While tritium's radioactivity discourages use in spectroscopy, tritium is essential for nuclear weapons. Scientists began understanding nuclear energy as early as the 1800s, but large advancements were made in studies of the atomic bomb in the early 1940s. Wartime research, especially the Manhattan Project, greatly advanced the understanding of radioactivity. ³H is a byproduct in reactors, a result of hitting lithium-6 with neutrons, producing almost 5 MeV of energy.

In boosted fission weapons a mix of ²H and ³H is heated until there is thermonuclear fusion to produce helium and free neutrons. These fast neutrons then cause further fission, creating "boosting". In 1951, in Operation Greenhouse, a prototype named George, validated the proof of concept for such a weapon. However, the first true boosted fission bomb, Greenhouse Item, was successfully tested in 1952, giving a 45.5-kiloton yield, nearly double that of an unboosted bomb. The United States stopped producing tritium in nuclear reactors in 1988, but nuclear tests in the 1950s added large spikes of radionuclides to the air, especially carbon-14 and ³H. This complicated measurements for geologists using carbon dating. However, some oceanographers benefited from the ³H increase, using the signal in the water to trace physical mixing of water masses.

In biogeochemistry, scientists focused mainly on deuterium as a tracer for environmental processes, especially the water cycle. American geochemist Harmon Craig, once a graduate student of Urey, discovered the relationship between rainwater's hydrogen and oxygen isotope ratios. The linear correlation between the two heavy isotopes occurs worldwide and is called the global meteoric water line. By the late 1960s, the focus of hydrogen isotopes shifted away from water and toward organic molecules. Plants use water to form biomass, but a 1967 study by Zebrowski, Ponticorvo, and Rittenberg found that the organic material in plants had less ²H than the water source. Zebrowski's research measured the deuterium concentration of fatty acids and amino acids derived from sediments in the Mohole drilling project. Further studies by Bruce Smith and Samuel Epstein in 1970 confirmed the depletion of ²H in organics compared to environmental water. Another duo in 1970, Schiegl and Vogel, analyzed the HIC as water became biomass, as biomass became coal and oil, and as oil became natural gas. In each step they found ²H further depleted. A landmark paper in 1980 by Marilyn Epstep, now M. Fogel, and Thomas Hoering titled "Biogeochemistry of the stable hydrogen isotopes" refined the links between organic materials and sources.
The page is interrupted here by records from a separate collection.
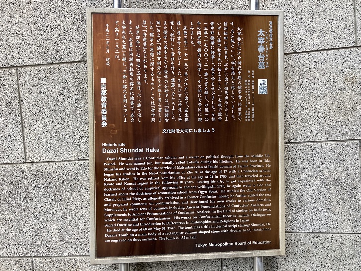 Shibue Chusai was a medical practitioner and Confucian scholar at the end of the Edo period (1600-1868). He was born in Kanda in Edo (old Tokyo) in 1805, the son of the doctor to the Hirosaki clan. In 1844 he became a teacher at the medical research center in present-day Asakusabashi 4-chome (the research center is now the medical department of Tokyo University). His works include "Keise ki Hokoshi" which he wrote in collaboration with Mori Kien. In 1858 Chusai caught cholera, dying at the age of 54. He was It was not until after his death that Chusai's buried in this temple.
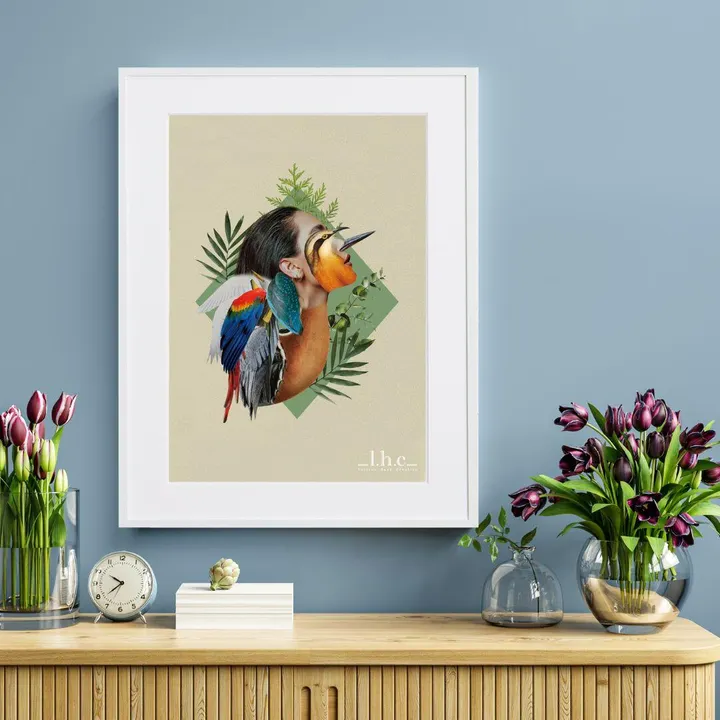 【現代アートポスター】南国 鳥 オウム 女性 おしゃれ 写真コラージュ A3(M) フレームセット:白 40.0×51.5cm
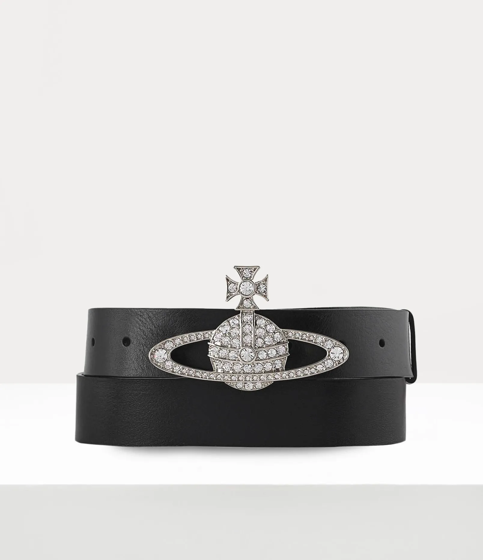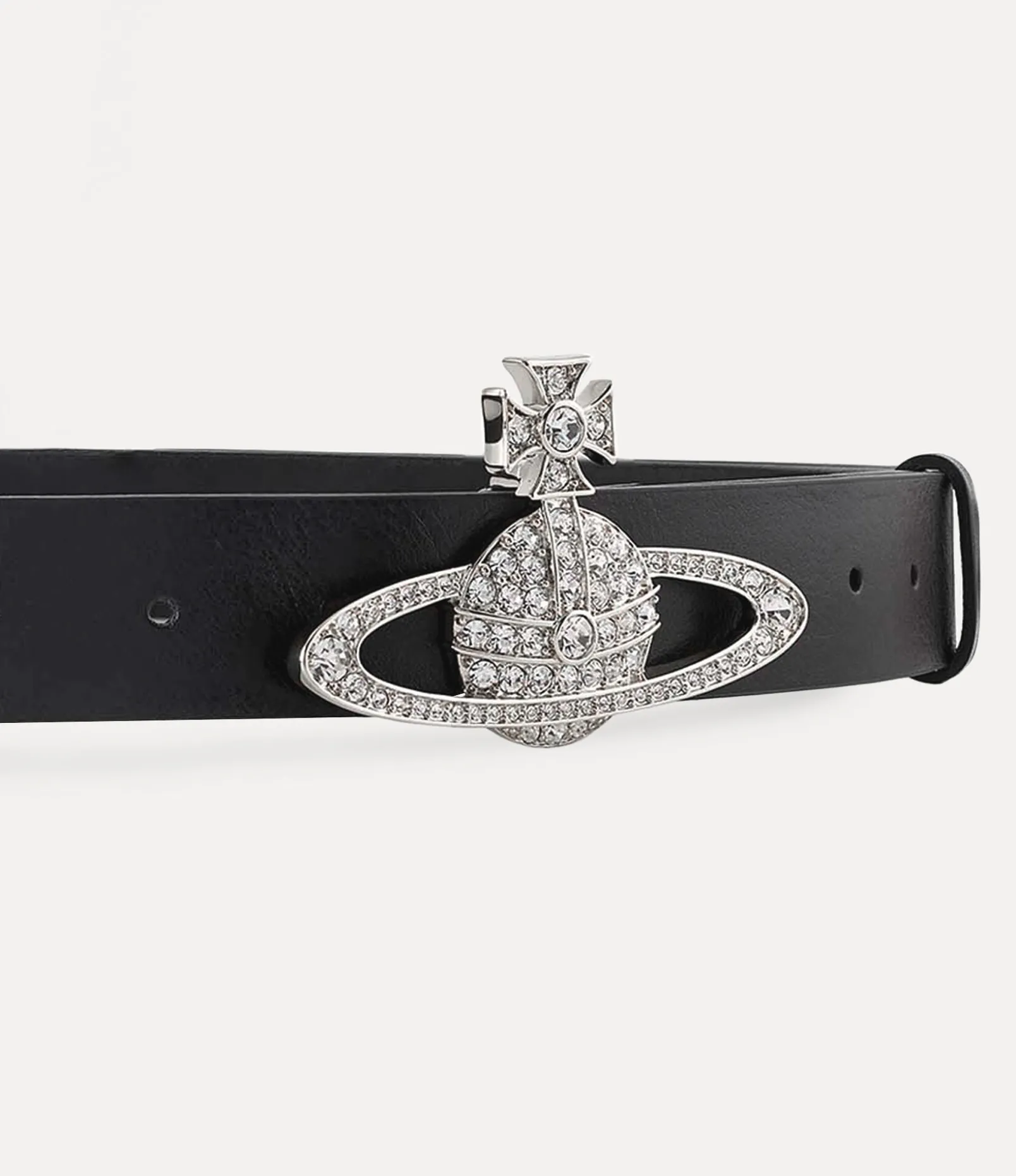 Our house’s signature orb motif recalls Vivienne’s vision of launching tradition into the future. This season, the Medium Bas Relief belt receives a two-dimensional orb silhouette on the buckle, adorned with rows of glistening white crystals, complemented by silver-tone metal hardware details.
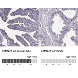 - Immunohistochemistry-Paraffin: STMND1 Antibody [NBP2-57594] - Staining in human fallopian tube and prostate tissues using anti-STMND1 antibody. Corresponding STMND1 RNA-seq data are presented for the same tissues.

In this early stage of hydrogen stable isotope study, most isotope compositions or fractionations were reported as bulk measurements of all organic or all inorganic matter. Some exceptions include cellulose and methane, as these compounds are easily separated. Another advantage of methane for compound-specific measurements is the lack of hydrogen exchange. Cellulose has exchangeable hydrogen, but chemical derivatization can prevent swapping of cellulose hydrogen with water or mineral hydrogen sources. Cellulose and methane studies in the 1970s and 1980s set the standard for modern hydrogen isotope geochemistry.